Sphagiocrates lusoria

Scientific classification
- Domain: Eukaryota
- Kingdom: Animalia
- Phylum: Arthropoda
- Class: Insecta
- Order: Lepidoptera
- Family: Gelechiidae
- Genus: Sphagiocrates
- Species: S. lusoria
- Binomial name: Sphagiocrates lusoria (Meyrick, 1922)
- Synonyms: Brachmia lusoria Meyrick, 1922;

= Sphagiocrates lusoria =

- Authority: (Meyrick, 1922)
- Synonyms: Brachmia lusoria Meyrick, 1922

Species of moth

Sphagiocrates lusoria is a moth of the family Gelechiidae. It was described by Edward Meyrick in 1922. It is found on Java and Sumatra in Indonesia.

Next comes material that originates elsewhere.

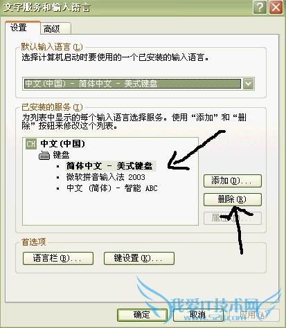 在弹出的下面窗口中,按箭头的指示,选中你不要的输入法,点删除!当你想要的时候,当然也可以从添加加进来!

The wingspan is 23–24 mm. The basal area of the forewings is suffused with orange and there is a violet-brown suffused streak along the costa from the base to near the apex. A short dark brown streak is found on the dorsal edge near the base and there is a streak of ferruginous-orange suffusion from the base along the fold to the plical stigma. The stigmata are represented by spots of orange suffusion, sometimes purplish mixed, the first discal large, rather beyond the plical. There is a shade of orange-purplish suffusion from four-fifths of the costa to three-fourths of the dorsum, well-defined posteriorly and with an angular projection in the middle. There is some slight orange suffusion along the termen. The hindwings are whitish.